Nach Berichten über ein möglicherweise erhöhtes Thrombose-Risiko durch den AstraZeneca-Impfstoff setzte die Bundesregierung gestern die Impfung mit dem Präparat aus. Doch zugleich hält sie an der Öffnung von Schulen, Kitas und Geschäften fest – während die dritte Welle laut RKI an Fahrt aufnimmt.

Seit vergangener Woche haben mehrere Staaten international die Verimpfung des von AstraZeneca entwickelten Covid-19-Impfstoffs ausgesetzt, nachdem Hinweise auf ein möglicherweise erhöhtes Thromboserisiko eingegangen waren. Darunter Dänemark, Island, Norwegen, Spanien, Italien, die Niederlande, Frankreich – und gestern auch Deutschland.

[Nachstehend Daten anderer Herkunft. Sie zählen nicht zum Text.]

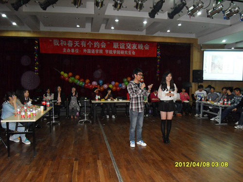 2012年4月12日晚7点整,由北航12系英国上市公司365研会与15系宇航公司研会合办的“我和春天有个约会”大型联谊交友晚会在北航晨兴剧场举行。此次晚会得到了两院领导的大力支持,两院研会的各位成员参与了整个晚会的策划、组织、宣传等工作。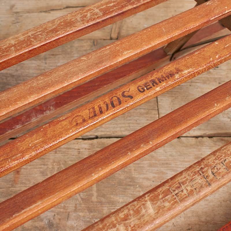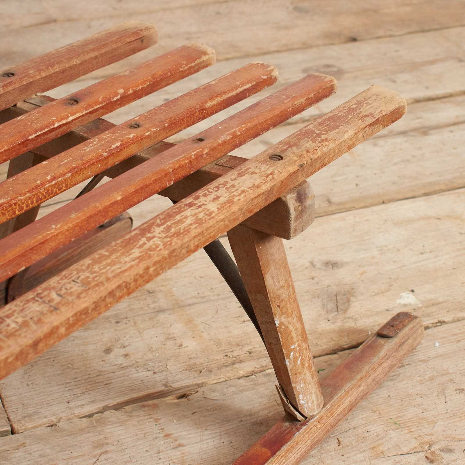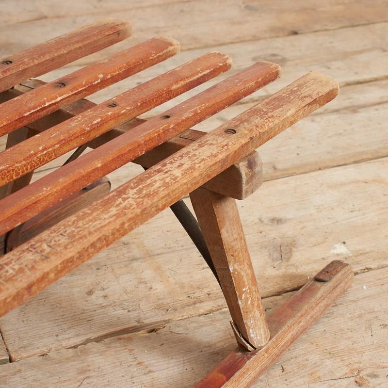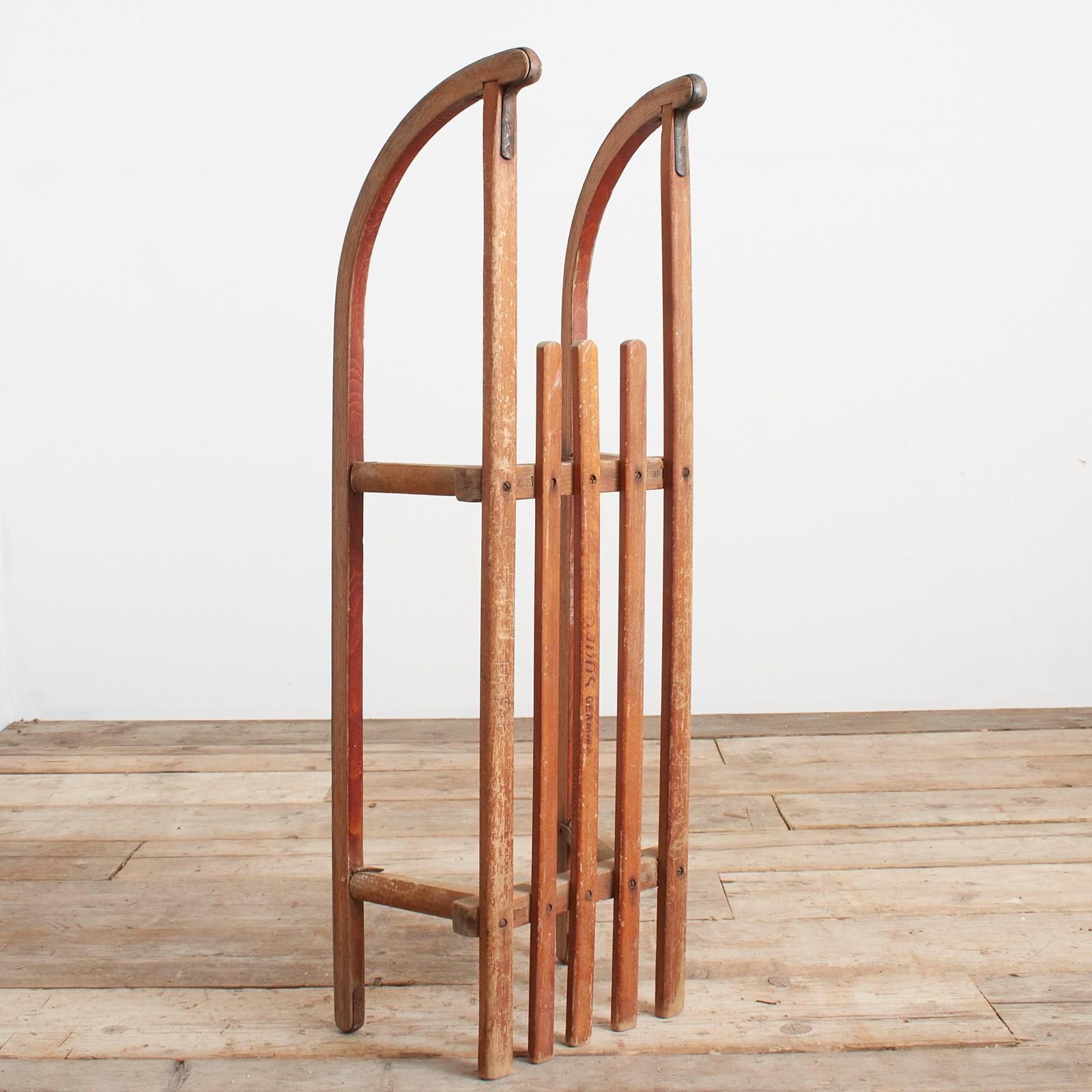 A wooden vintage sledge. A typical ‘Davos’ style vintage sledge. The sledge has a slatted wooden seat with upright support struts and retains its original metal runners.

Mit der Ankündigung durch Bundesgesundheitsminister Jens Spahn folgte die Bundesregierung der Empfehlung des für Impfstoffe zuständigen Paul-Ehrlich-Instituts (PEI). Dieses hatte eine „auffällige Häufung“ von „sehr seltenen Hirnvenenthrombosen“ in einem zeitlichen Zusammenhang zur Verabreichung des AstraZeneca-Impfstoffs gesehen. Jedoch wurde bisher in keinem der Länder eine ursächliche Beziehung zur Impfung nachgewiesen. Entsprechend hält die Europäische Arzneimittelbehörde EMA, der insgesamt 30 Fälle von Blutgerinnungsstörungen bei einer Gesamtzahl von ca. fünf Millionen Geimpften gemeldet worden waren, ihre Empfehlung für den AstraZeneca-Impfstoff bisher aufrecht, ebenso die WHO. Noch vergangene Woche war auch das PEI derselben Meinung: „Es gibt derzeit keinen Hinweis, dass die Impfung diese Erkrankungen verursacht hat.“ Und diese Anzahl der Fälle sei „nicht höher als die Zahl der thromboembolischen Ereignisse, die statistisch zufällig in der Bevölkerung auch ohne Impfung vorkommen würden“.

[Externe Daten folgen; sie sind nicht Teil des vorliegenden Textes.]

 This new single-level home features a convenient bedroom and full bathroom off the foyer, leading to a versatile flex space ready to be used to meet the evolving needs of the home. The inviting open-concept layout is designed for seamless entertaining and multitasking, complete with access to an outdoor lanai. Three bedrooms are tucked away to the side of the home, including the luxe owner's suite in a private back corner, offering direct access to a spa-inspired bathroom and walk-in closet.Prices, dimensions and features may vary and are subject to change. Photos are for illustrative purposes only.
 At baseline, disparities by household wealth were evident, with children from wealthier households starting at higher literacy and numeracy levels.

Die Entscheidung der Bundesregierung stieß auf viel Kritik, wie der Deutschlandfunk-Wissenschaftsredakteur Volkart Wildermuth erklärte: „Während der mögliche und sehr seltene Zusammenhang von Thrombosen mit der Verimpfung von AstraZeneca untersucht wird, stecken sich mehr Menschen an, entwickeln einige von ihnen COVID-19. Und dabei, das ist wirklich gut kommentiert, kommt es häufig zu Thrombosen. So wird gerade der Wunsch, Risiken zu vermeiden, selbst zur Gefahr.“

Die Regierung spielt mit unserer Gesundheit – und öffnet im Interesse der Konzerne

Wir wollen an dieser Stelle keine wissenschaftliche Einschätzung über die Nebenwirkungen des AstraZeneca-Impfstoffs wagen. In jedem Fall ist eines klar: Die bisherige – eh schon katastrophale – Impfstrategie der Bundesregierung löst sich immer mehr in Luft auf. Und während die Bundesregierung bezüglich des Impfstoffs „auf Nummer sicher“ gehen will, hält sie an der Öffnung von Schulen, Kitas und Geschäften fest. Wie „sicher“ ist die weitere Öffnung, wenn die Impfstoffe ausbleiben?

Doch damit nicht genug: Laut dem Robert-Koch-Institut (RKI), welches die Corona-Zahlen überwacht, hat die dritte Welle der Pandemie längst begonnen. Der RKI-Epidemiologe Dirk Brockmann sagte im ARD-Morgenmagazin, die Ausbreitung des Virus habe im Vergleich zur Vorwoche um 20 Prozent zugenommen. Auch die Sieben-Tage-Inzidenz liegt wieder bei 82,9, während sie vor vier Wochen noch bei 59 gelegen hatte.